Darryll has had enough. All of these friendly cats and explicable dreams have just about driven him to the edge. He's sure that there's something supernatural going on, and he knows there's only one place place to turn for answers to his otherworldly queries: the hardware store. He makes Faye promise to stay awake, lest something happen to her in her dreams, and he departs for the store. At long last, the hardware store clerk, most fabled repository of occult knowledge, tells Darryll the grim, epic tale of what really happened in that house. It's a gripping story that unravels over close to ten minutes, but I'm going to see if I can sum it up for you:
A long time ago, Slingblade gave his inexplicably black daughter a crucifix for her birthday. Then he strangled her with it. Then his wife, a slow-talking white woman, died of grief.
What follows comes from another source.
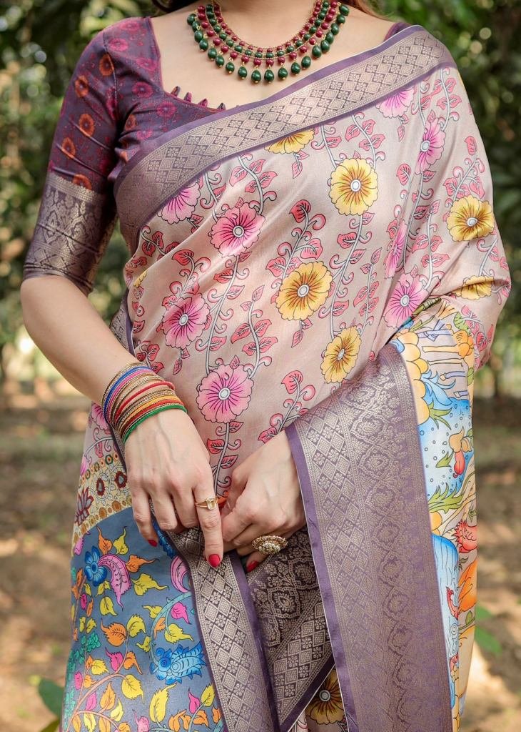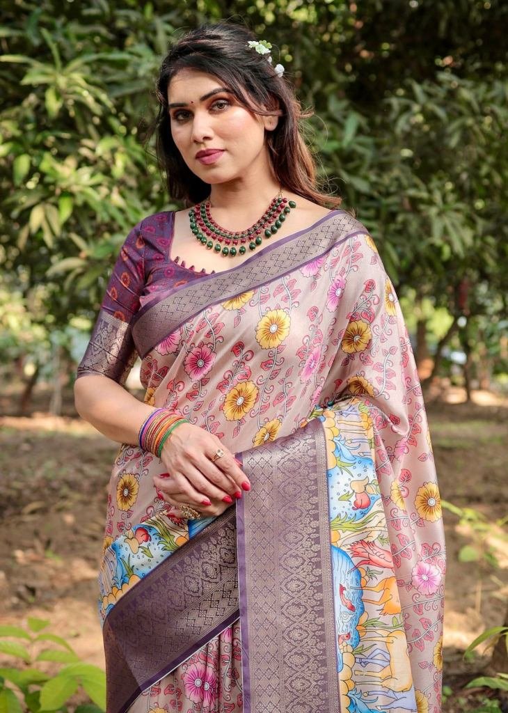 Color : Pastel Beige & Lilac with an elegant Lavender Zari Border

Wow, I am just overcoming all sorts of challenges today! Hoo boy! The real challenge, though, is stretching the above story into a full ten minutes. The clerk can only do it by telling Darryll a pointless anecdote about his own father and grandmother that has nothing to do with the situation at hand. Try it yourself. See if you can do better. If you can, congratulations, I don't want to hear about it!
In the time that Darryll has been gone, Faye, of course, has fallen asleep. I don't know how he could have expected her to stay conscious. It's six thirty at night, for God's sake! She's only human! Darryll comes home, finds her asleep, and quickly shakes her back to consciousness. Once awake, she tells him that it wasn't Slingblade who killed the girl. Cue gag reel and end credits.
Really, that's the end.
Stop reading this, expecting me to fill you in on any sort of ending.
Honestly, quit it.
Okay, I'm all for psychological horror. I'm a big proponent of the idea that you don't need lots of blood to make a good horror movie. All the same, Dream Home really could have used some goddamn bodies. Nobody dies, nobody gets injured, and nobody is even particularly traumatized. Since Darryll and Faye managed to live in the supposedly haunted house for months with no problem until Faye found the crucifix, it really seems like they could have solved all of their problems if Faye would just stop wearing the damn thing. I mean, she only even has dreams related to the history of the house when she has it on. Take it off - presto! - no more problem. Hell, she can even keep the damn thing on. The only repercussions are a few iffy dreams and an occasional visit from Slingblade or slow-talking woman, both of whom are actually quite pleasant, once you get past the fact that it takes them forty-five minutes to finish a sentence. Plus they get a cat! Honestly, this movie seems more like an infomercial than a horror film. "Move into scenic, well-furnished Murder House! Friendly neighbors! Free cat!"
Honestly, the most frightening thing about this movie is how they spelled "Darryll." What the hell is that about? Sort of seems like letter overload, doesn't it? I'm sorry, but how hard is it to spell Daryl? It's not like Darrel is that tricky of a name. You just spell it how it sounds. I mean, I get the whole "reclaiming our African names" thing, but is that really an African name? Somehow, I don't think the next great black revolutionary is going to be named Dairill X.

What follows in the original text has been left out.